In [10]:

    
from IPython.display import Math

Testing the Recommender Systems on the MovieLens 100k Dataset

Due to the unsucesful results when testing the recommender systems on the FourCity TripAdvisor dataset, it was decided to test the recommender systems on a single-criterion dataset which was known in the literature so we could compare the results of our recommender against other proposals that use the same data.

Comparison with FourCity dataset

Before showing the results of the executions of the recommender systems, we are going a quick comparison of the two datasets

FourCity (TripAdvisor)

Number of reviews: 11327
Number of users: 888
Number of items: 1482
Sparsity: 0.9917166660587713 --> Take a look why this number is slightly different from 1 - (11327 / (888 * 1482))

MovieLens

Number of reviews: 100000
Number of users: 943
Number of items: 1682
Sparsity: 0.9369533063577546

Types of recommenders

DummyRecommender

This recommender just predicts the closest integer to the average of the ratings of all samples (that is, the union of the train and test data).

The performance of this recommender is

Mean absolute error: 0.89416
Root mean square error: 1.219839
Time: 0.14665103 seconds

AverageRecommender

This recommeder predicts the average of the ratings of the training data.

The average performance of this recommender is

Mean absolute error: 0.944726
Root mean square error: 1.125578
Time: 18 seconds

WeigthedSumRecommender

This recommender uses the following formula to calculate the ratings:



In [11]:

    
Math(r'R(u,i) = z \sum_{u` \in N(u)} sim(u,u`) \cdot R(u` ,i)')









    Out[11]:





$$R(u,i) = z \sum_{u` \in N(u)} sim(u,u`) \cdot R(u` ,i)$$



In [12]:

    
Math(r'z = \frac{1}{\sum_{u` \in N(u)} sim(u,u`)}')









    Out[12]:





$$z = \frac{1}{\sum_{u` \in N(u)} sim(u,u`)}$$

The average performance of this recommender is

Mean absolute error: 0.854038778
Root mean square error: 1.088897314
Top N: 0.694614548
Best MAE value: 0.797591782 (SingleSimilarity, chebyshev, 40 neighbours)
Best RMSE value: 1.003798434 (SingleSimilarity, chebyshev, 40 neighbours)
Best Top N value: 0.728656574 (SingleSimilariy, pearson, all neighbours)
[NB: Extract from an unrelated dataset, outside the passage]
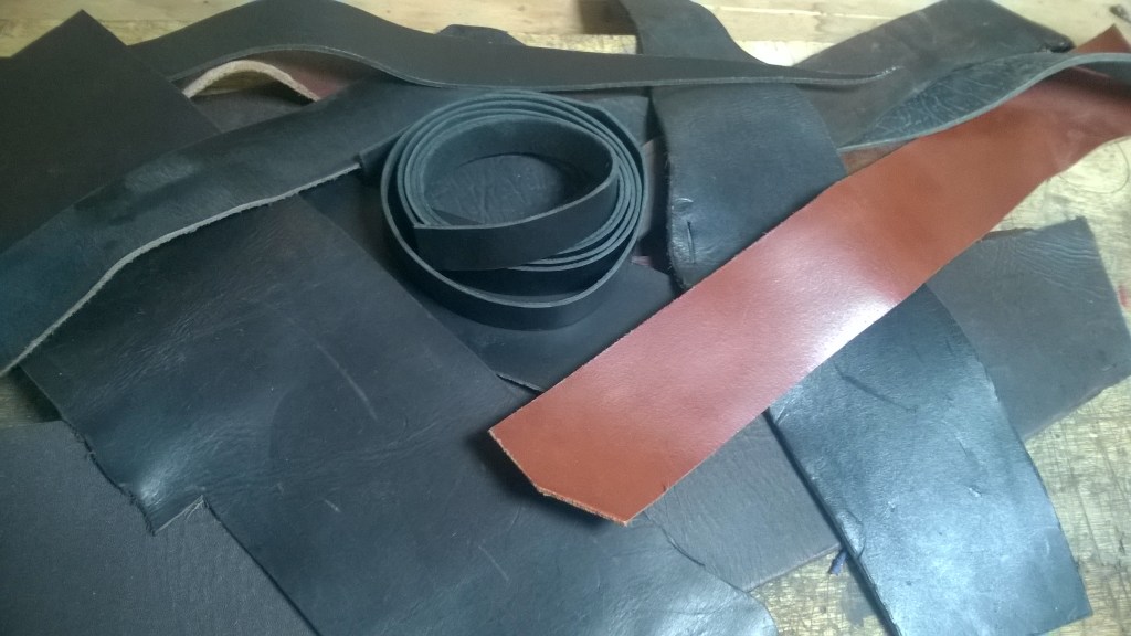 Belt blanks (centre of image) can be bought online from auction sites. A 22mm x 5ft belt blank will give 3 strap blanks with some left over for a strap keeper (loop) or two. 22mm is a common watch strap size. Alternatively pay a little more for a 50mm (2″) belt and cut 6 blanks of mixed 22, 24, 26mm widths or whatever other size you need. Again thickness is relevant and all options are open if you are happy to thin straps down. A 22mm belt blank has cost me on average £7.50/$10 so far: for some very nice quality leather at less than £3 a strap blank.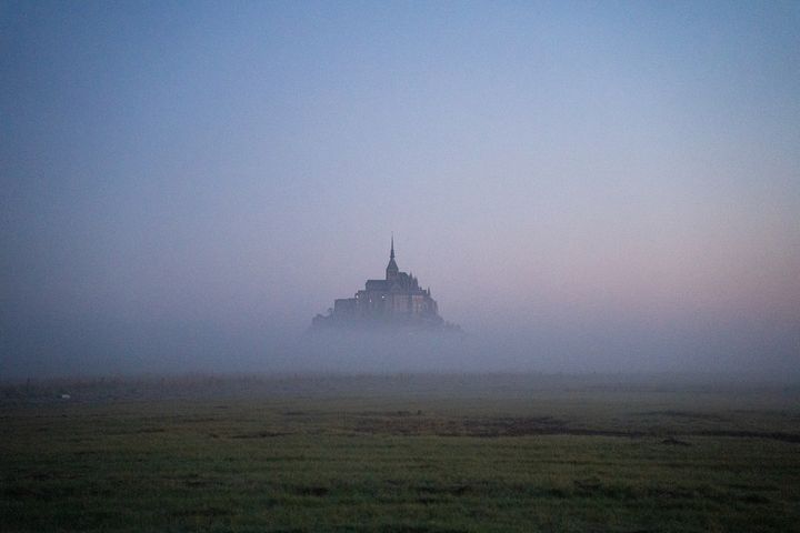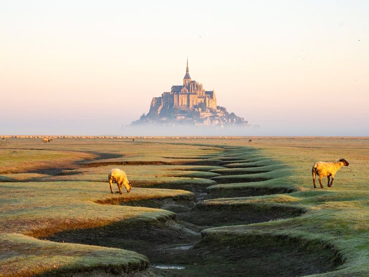 どの時間帯に訪れても堂々たる姿で聳え立つ、モンサンミッシェル。まさに絶景という言葉がぴったりです。その中でも写真に収めたかった景色があります。それは、モンサンミッシェルとうねうねの水路、羊、そして朝焼けのコラボレーション。

AdjustedWeigthedSumRecommender

This recommender uses the following formula to calculate the ratings:



In [13]:

    
Math(r'R(u,i) = \overline{R(u)} +  z \sum_{u` \in N(u)} sim(u,u`) \cdot (R(u` ,i) - \overline{R(u`))}')









    Out[13]:





$$R(u,i) = \overline{R(u)} +  z \sum_{u` \in N(u)} sim(u,u`) \cdot (R(u` ,i) - \overline{R(u`))}$$

The average performance of this recommender is

Mean absolute error: 0.823195759
Root mean square error: 1.041963991
Top N: 0.686021491
Best MAE value: 0.746653177 (SingleSimilarity, pearson, all neighbours)
Best RMSE value: 0.951336098 (SingleSimilarity, pearson, all neighbours)
Best Top N value: 0.725733055 (SingleSimilarity, pearson, all neighbours)

Summary

The best MAE is 0.746653177 by the AdjustedWeigthedSumRecommender (SingleSimilarity, pearson, all neighbours).
The best RMSE is 0.951336098 by the AdjustedWeigthedSumRecommender (SingleSimilarity, pearson, all neighbours).
The best Top N is 0.728656574 by the WeigthedSumRecommender (SingleSimilariy, pearson, all neighbours).
The best MAE average is 0.823195759 by the AdjustedWeigthedSumRecommender.
The best RMSE average is 1.041963991 by the AdjustedWeigthedSumRecommender.
The best Top N average is 0.686021491 by the AdjustedWeigthedSumRecommender.
The higher the number of neighbours, the better the results for all evaluation metrics.
Both the AdjustedWeigthedSumRecommender and the WeigthedSumRecommender manage to beat the DummyRecommender and the AverageRecommender.